The books takes us on a journey from the dawn of the evolution and the documented misogynistic opinions of Darwin that seem to have prejudiced his thoughts and that of following scientists, up to the modern day and that way that science still seems to be prejudiced against correctly understanding women, their bodies, health and brains. Darwin’s views are of course viewed in the context of the prevalent Victorian attitudes towards women. However it is enlightening to read how often mistakes have been made in scientific research because of the perspective of mostly male researchers over the last centuries and how much bias there is in the fundamentals of sociological, biological and neurological research that still persists despite an enormous catalog of evidence to the contrary.

The book is full of evidence that smashes prevalent attitudes about women that we often believe to be based on “fundamental truths”. Take for example health, we are often told that men are the stronger species, despite the fact that we all know women live longer than mean. Obviously in regards of physical strength, the on average slightly larger male body results in generally superior strength. I was not aware that of the top 15 causes of death (health related and based on US data), 12 of them affect men more strongly than women, 2 affect both sexes equally and only 1 had a greater effect on women. Why is this? Well read the book to find out more, but maybe having two X chromosomes might not be the disadvantage previously believed.

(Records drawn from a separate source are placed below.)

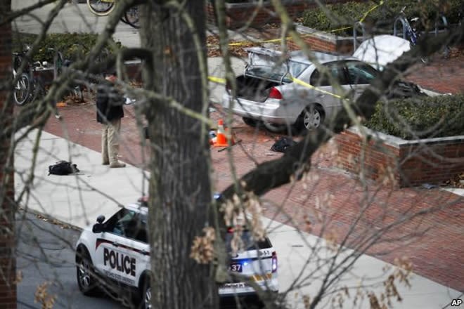 A car sits inside a police line as authorities respond to an attack at Ohio State University, Nov. 28, 2016, in Columbus, Ohio. A man plowed his car into a group of pedestrians and began stabbing people before he was shot to death by a police officer.
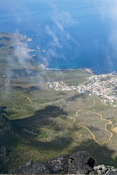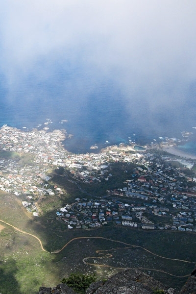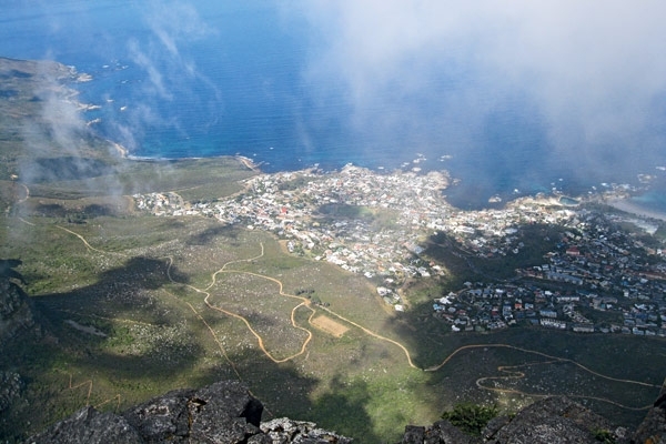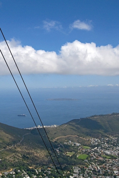 اللافت أيضًا أنك لا تشعر بدوران المقصورة وإنما تفاجأ فقط بأنك صرت واقفًا أمام النافذة المفتوحة. بعد خمس دقائق من تلاعب الهواء بالمقصورة وصلنا إلى قمة الجبل. المشهد يعجز الخيال الإنساني عن وصفه، فكايب تاون تقع عند أقدام الجبل ورغم مساحتها الكبيرة بدت صغيرة كما لوحة «البازل» لا تفقه كيف جمعت بهذا الإتقان.
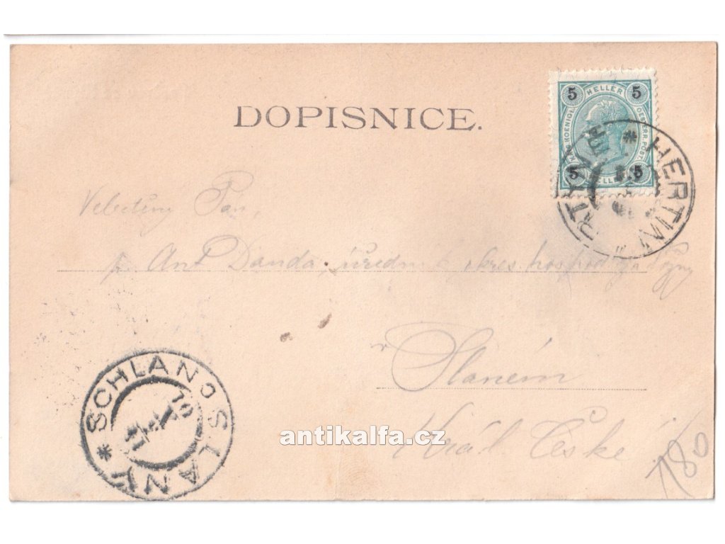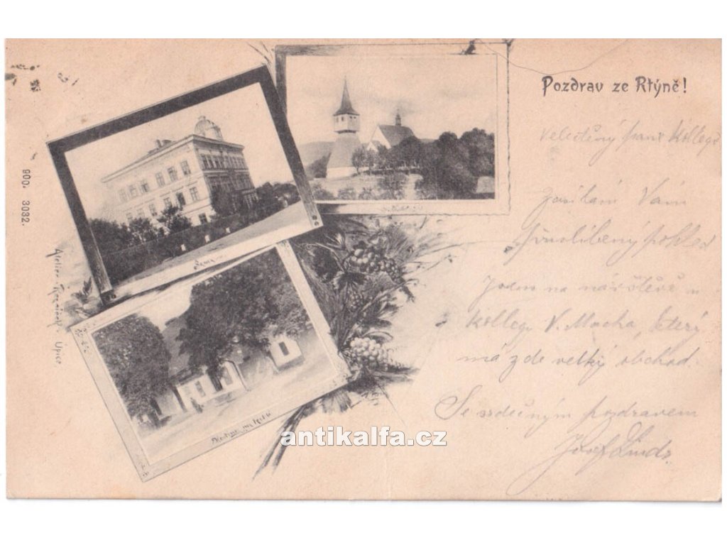 Pozdrav ze Rtyně. Technika světlotisk. Vydal Řezníček Aleš, Úpice, 1901.
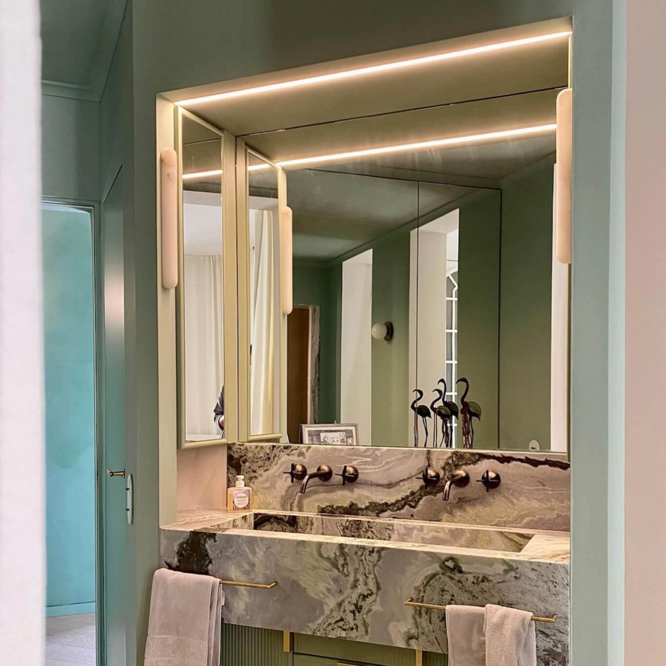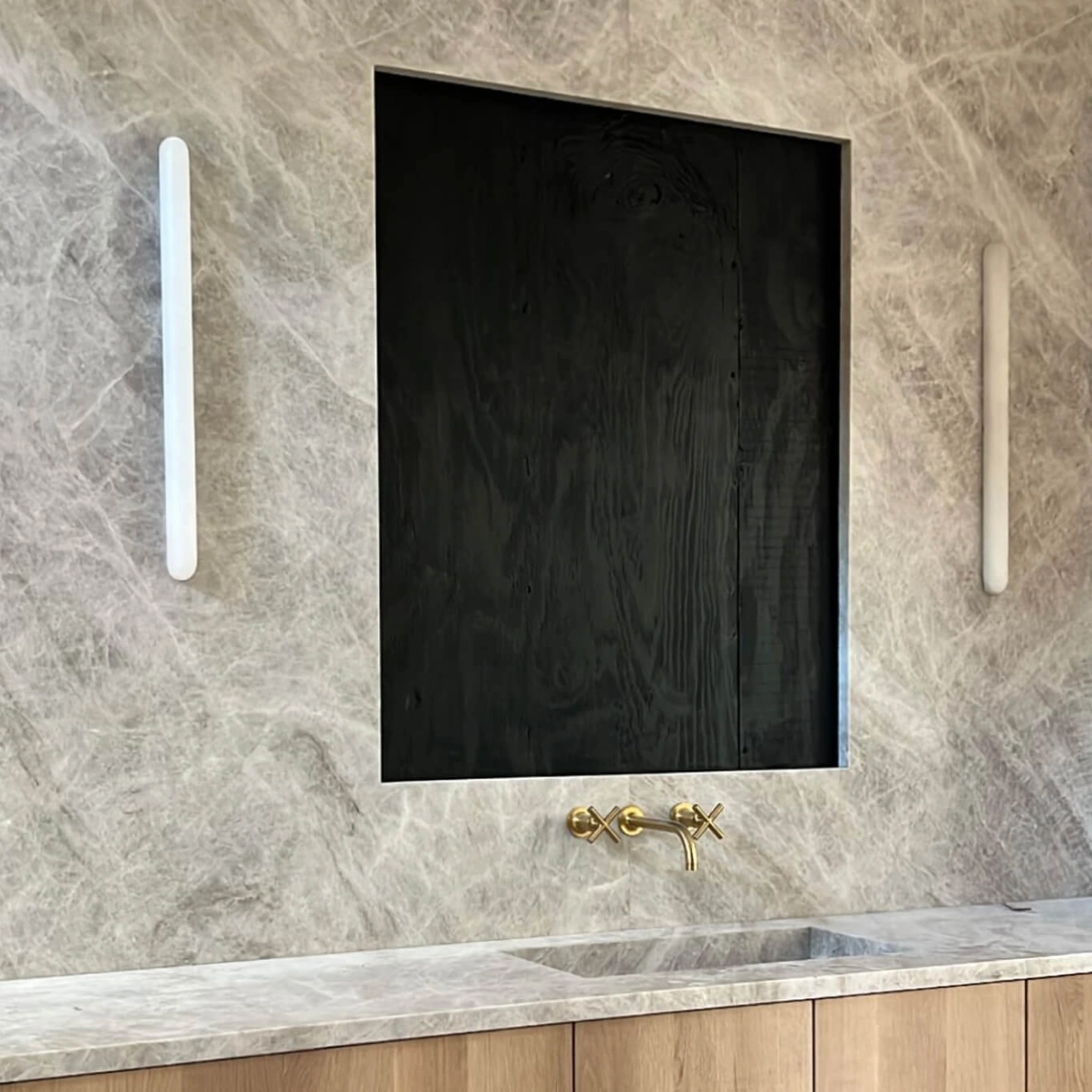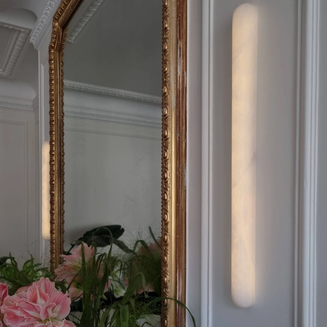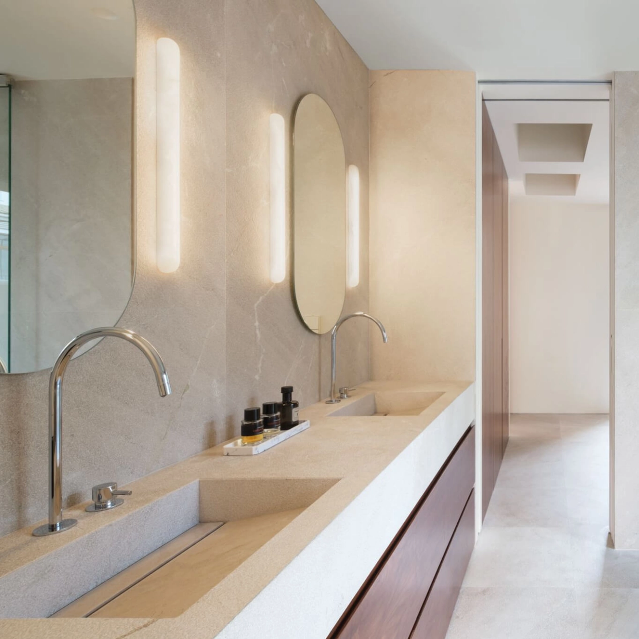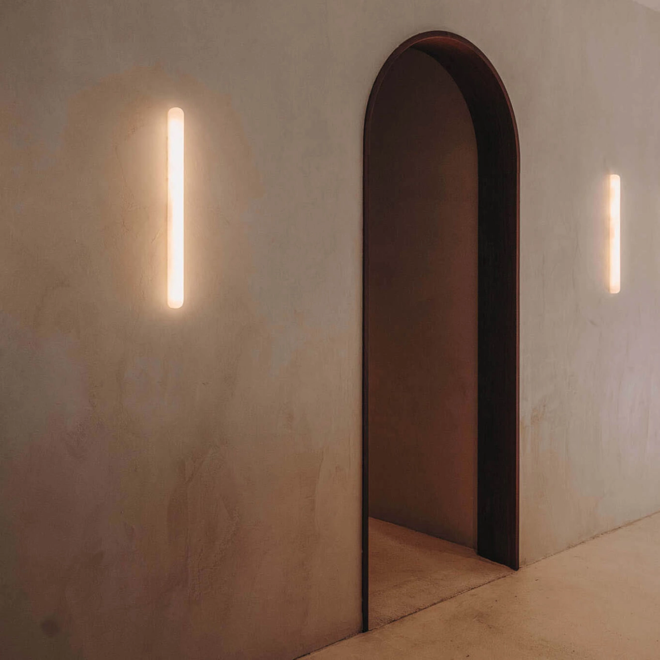 Élancée et architecturale, l’applique Tub 45 Alabaster affirme une présence lumineuse à la fois discrète et sculpturale. Conçue par le studio espagnol Contain, fondé à Majorque par Mauricio Obarrio et Juan Peralta, cette pièce illustre parfaitement la recherche d’équilibre entre matière naturelle et géométrie essentielle. Réalisée en albâtre, pierre noble appréciée pour sa translucidité, la Tub 45 diffuse une lumière douce et homogène qui enveloppe le mur d’un halo chaleureux. Chaque applique est unique : les veinures naturelles peuvent être mises en valeur pour souligner le caractère organique de la pierre, ou sélectionnées dans une version plus blanche et uniforme pour un rendu minimaliste et contemporain. Avec son format vertical de 45 cm, la Tub 45 structure l’espace avec élégance, que ce soit dans un couloir, en tête de lit ou dans un projet hôtelier haut de gamme. Plus qu’un simple luminaire, la Tub 45 Alabaster incarne la philosophie de Contain : sublimer la lumière à travers la pureté des lignes et l’authenticité des matériaux.

There are a lot of enlightening stories in the book, but one I found very interesting was that about the “missing 142g” in a female brain. In the late 19th century until the middle of the 20th century one piece of evidence of the inferiority of women was that their brains could be seen to be lighter in weight than that of a male. Fighting against this idea seemed to be impossible for any female as they did not have access to the education or tools to formulate any arguments against this notion. One particularly frustrated teacher and writer called Helen Hamilton Gardener, decided to learn as much as she could about neurology to be able to counter the arguments, and ended up working alongside New York doctor Edward Spitzka. Eventually she got a letter published in the Popular Science Monthly, where she revealed all the experts she had worked with could not distinguish between a male and female brain, and that the cause of a slightly larger male brain was related to the slightly larger male body, pointing out that this also explained why elephant brains were larger than human males, yet they were not more intelligent. The conjectures of Gardener have since proven to be true and it is now accepted that brain weight alone has no link to intelligence. An interesting epilogue to Gardener’s story is that when she herself died, her brain was found to weigh the same as a male professor of neurology at Cornell, providing the last laugh to her.

I would highly recommend all people read this book, it is well written and I found it easy and enjoyable to read. The lessons of history and those still existing prejudices are quite shocking. I felt quite shocked when reading the first half of the book and the attitudes of Victorian scientists, but this turned into anger when hearing about the still existing prejudices of modern scientists (male and female).